Exercise material:
== == ==

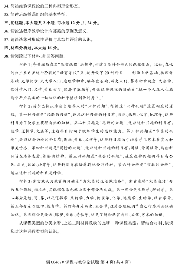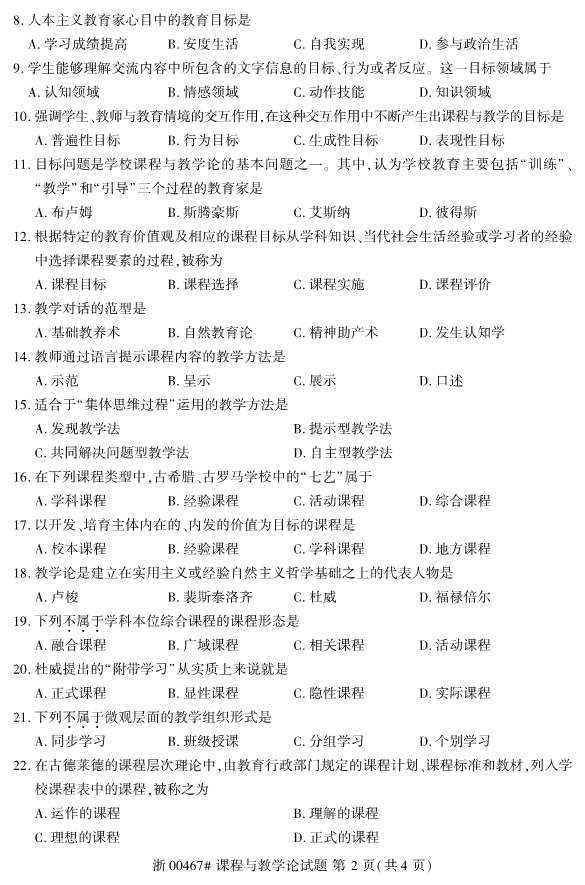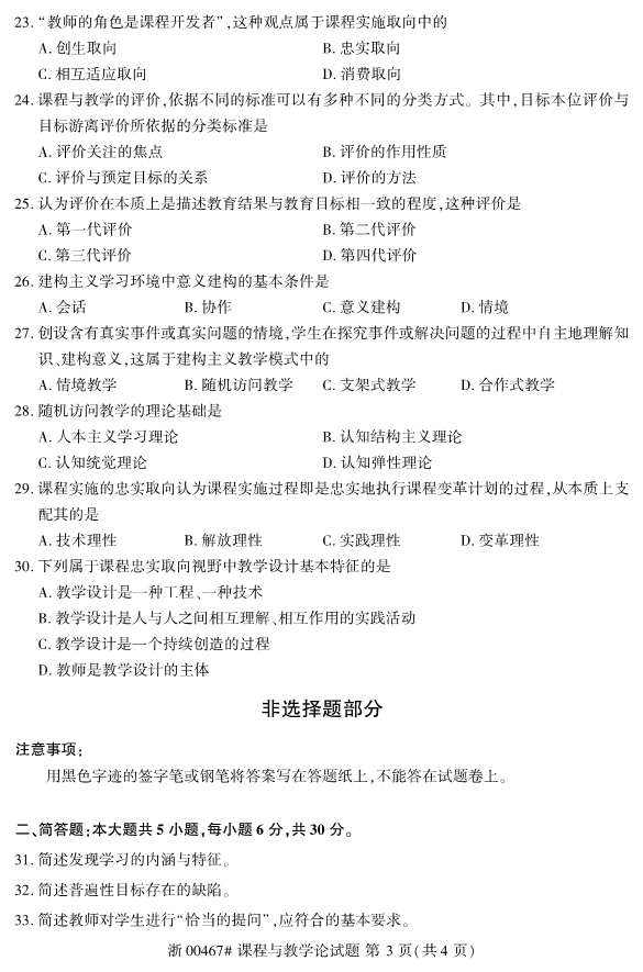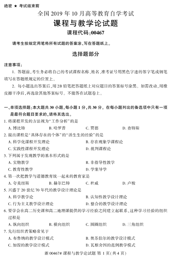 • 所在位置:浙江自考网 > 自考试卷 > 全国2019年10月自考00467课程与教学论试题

== == ==

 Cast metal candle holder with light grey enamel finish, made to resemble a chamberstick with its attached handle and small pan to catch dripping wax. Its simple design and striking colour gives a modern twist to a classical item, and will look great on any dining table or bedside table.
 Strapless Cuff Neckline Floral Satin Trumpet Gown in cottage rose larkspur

== == ==

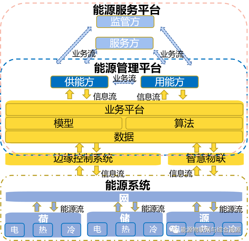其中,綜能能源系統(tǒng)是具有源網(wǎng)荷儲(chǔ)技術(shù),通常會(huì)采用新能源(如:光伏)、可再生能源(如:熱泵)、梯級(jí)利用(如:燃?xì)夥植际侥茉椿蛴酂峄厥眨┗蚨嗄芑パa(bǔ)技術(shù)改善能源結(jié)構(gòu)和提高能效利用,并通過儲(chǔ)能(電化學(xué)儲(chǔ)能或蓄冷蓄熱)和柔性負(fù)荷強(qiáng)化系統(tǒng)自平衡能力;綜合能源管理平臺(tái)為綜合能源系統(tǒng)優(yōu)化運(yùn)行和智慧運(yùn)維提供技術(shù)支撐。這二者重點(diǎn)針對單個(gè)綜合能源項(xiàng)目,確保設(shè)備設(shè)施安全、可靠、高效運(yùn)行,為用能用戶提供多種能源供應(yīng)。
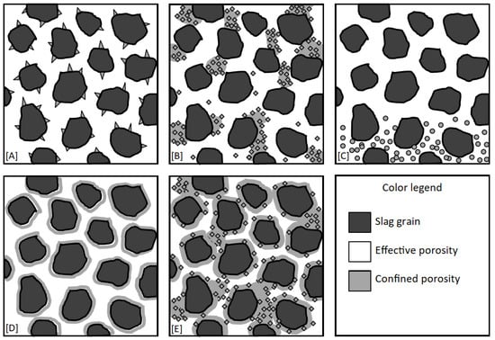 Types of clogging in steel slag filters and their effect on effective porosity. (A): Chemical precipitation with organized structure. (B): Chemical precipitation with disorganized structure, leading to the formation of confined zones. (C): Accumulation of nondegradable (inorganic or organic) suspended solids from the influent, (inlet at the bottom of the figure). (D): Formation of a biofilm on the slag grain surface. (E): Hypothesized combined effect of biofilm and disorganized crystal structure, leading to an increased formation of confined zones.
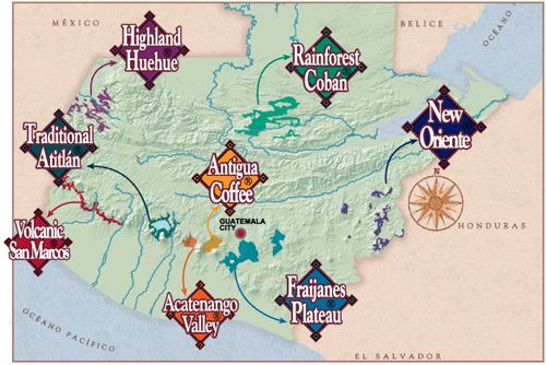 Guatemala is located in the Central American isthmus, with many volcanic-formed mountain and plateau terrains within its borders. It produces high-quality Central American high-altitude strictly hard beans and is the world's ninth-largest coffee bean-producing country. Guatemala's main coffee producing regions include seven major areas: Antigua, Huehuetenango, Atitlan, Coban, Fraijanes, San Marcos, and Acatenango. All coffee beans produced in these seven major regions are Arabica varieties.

== == ==

Your assignment:
In the entries above, the lines between the one holding "Cast metal candle" and the one holding "Strapless Cuff Neckline", inclusive, are to be printed exactly as written, and those alone.

Task output:
 Cast metal candle holder with light grey enamel finish, made to resemble a chamberstick with its attached handle and small pan to catch dripping wax. Its simple design and striking colour gives a modern twist to a classical item, and will look great on any dining table or bedside table.
 Strapless Cuff Neckline Floral Satin Trumpet Gown in cottage rose larkspur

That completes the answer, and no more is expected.